* **Work order**
Each line below from the line with "Slim sweetheart Libuse" to the line with "De Elixir 19002" must be copied exactly, including those two, and no picture may appear in the copy.

------------------------

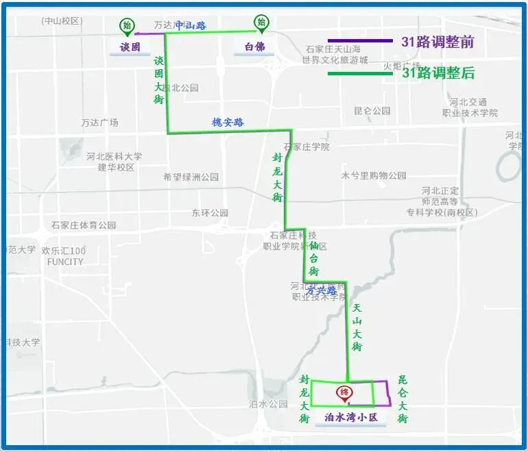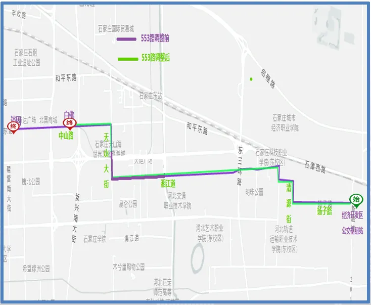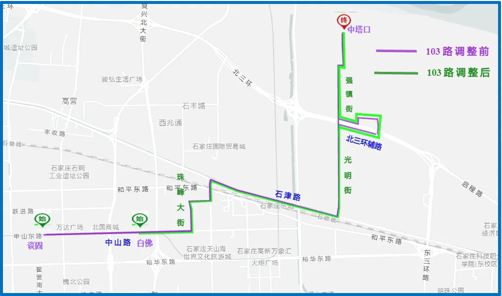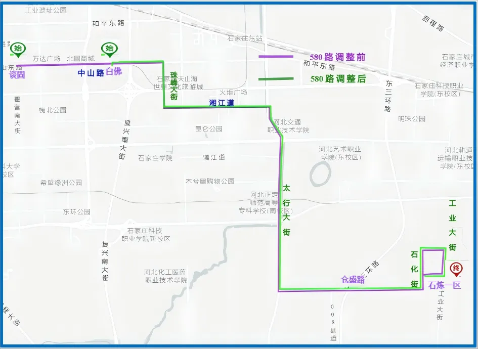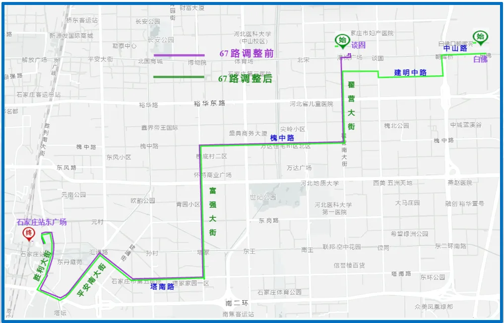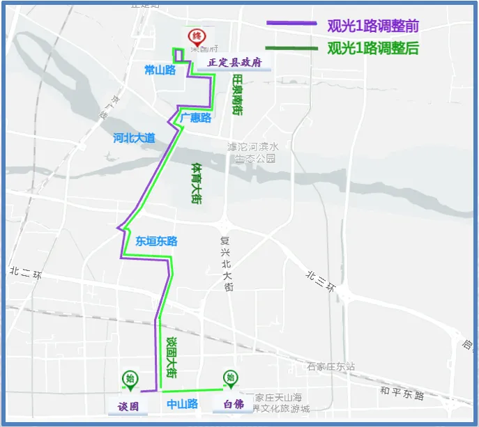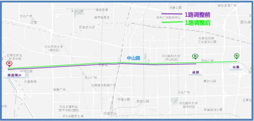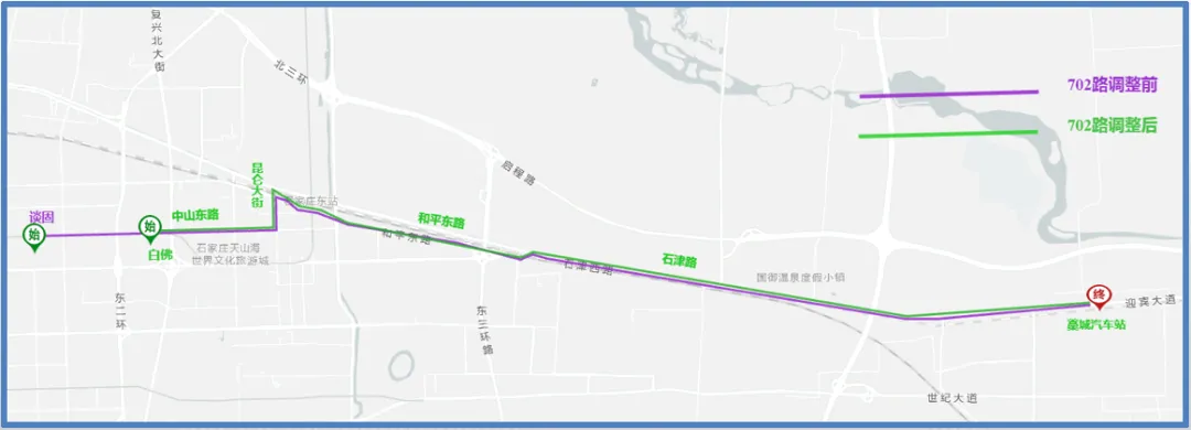 1.起止点:始发站由谈固调整为白佛,终点站石家庄站东广场不变。
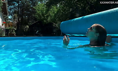 Slim sweetheart Libuse swimming naked in a pool in arousing bang-out video
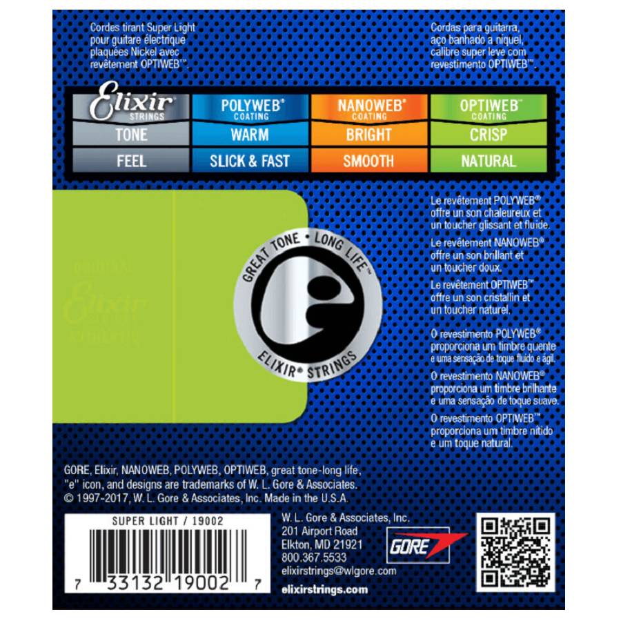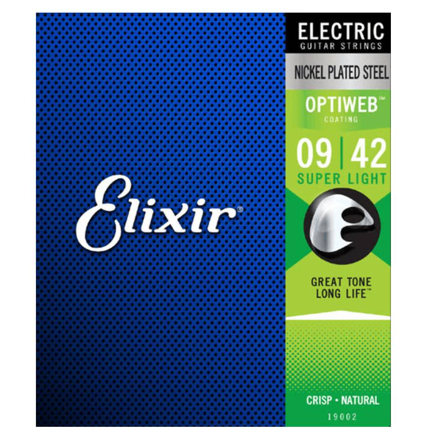De Elixir 19002 is een .009-.042 set snaren voor de elektrische gitaar. De snaren zijn voorzien van de Optiweb coating. Dit levert een uitermate natuurlijk speelgevoel op ten opzichte van de Nanoweb of Polyweb snaren van Elixir. Uniek van deze coating is dat de toon hetzelfde blijft als die van een niet gecoate snaar.
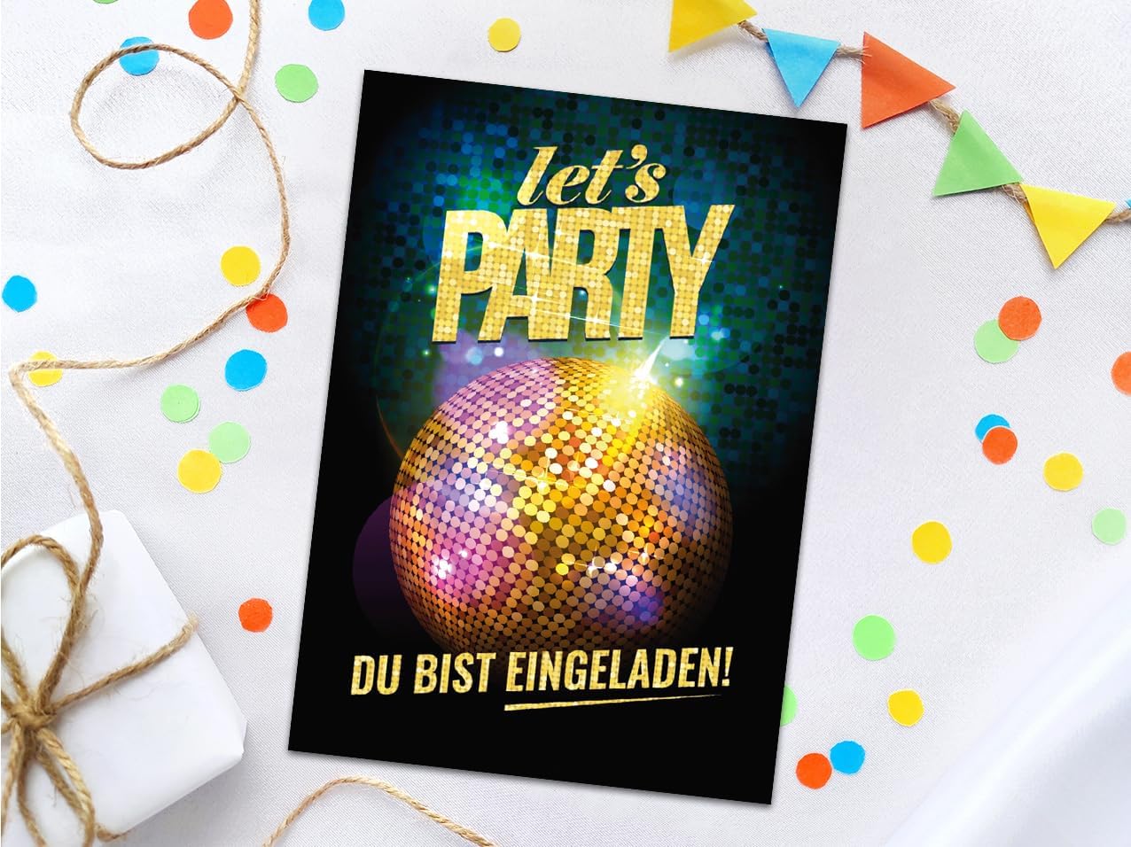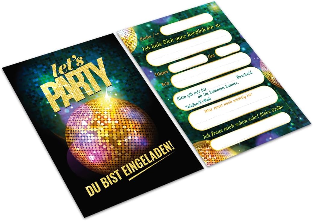 Contenuto: 12 biglietti d'invito + 12 buste Pratico: gli inviti sono moderni e progettati con molti dettagli. Sul retro troverete i campi prestampati da compilare. Biglietti: i biglietti d'invito sono molto robusti, hanno formato A6 (10,50 cm x 14,80 cm), stampa di alta qualità 300 g/m e sono rivestiti con vernice UV per la finitura. Buste autoadesive: la busta ha una dimensione di 11,40 cm x 16,20 cm, stampa da 80 g/m ed è adesiva (con striscia adesiva). Occasioni: i biglietti di invito sono molto adatti per una festa di compleanno o una festa di compleanno. È possibile utilizzare questi biglietti anche come inviti per battesimi, feste a tema, feste al cinema o feste in piscina. HAI BISOGNO DI UN ALTRO NUMERO? : da noi troverete anche biglietti e buste in set da 6, 8 o 10 pezzi. Altri motivi: nel nostro negozio troverete anche molti altri motivi di inviti, come lama, cavalli, calcio, cinema, piscina, bowling, salto. Prodotto in Germania: i biglietti e le buste sono stati prodotti in una tipografia tedesca.
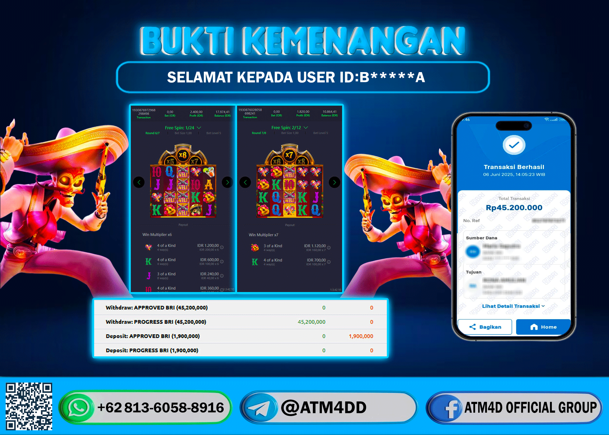 Jangan lewatkan kesempatan untuk meraih kemenangan besar. Daftar sekarang di ATM4D dan rasakan pengalaman bermain slot terbaik yang pernah ada! Putar gulungan, menangkan jackpot, dan jadilah bagian dari komunitas pemain sukses kami!

------------------------

* **Exercise result**
 Slim sweetheart Libuse swimming naked in a pool in arousing bang-out video
De Elixir 19002 is een .009-.042 set snaren voor de elektrische gitaar. De snaren zijn voorzien van de Optiweb coating. Dit levert een uitermate natuurlijk speelgevoel op ten opzichte van de Nanoweb of Polyweb snaren van Elixir. Uniek van deze coating is dat de toon hetzelfde blijft als die van een niet gecoate snaar.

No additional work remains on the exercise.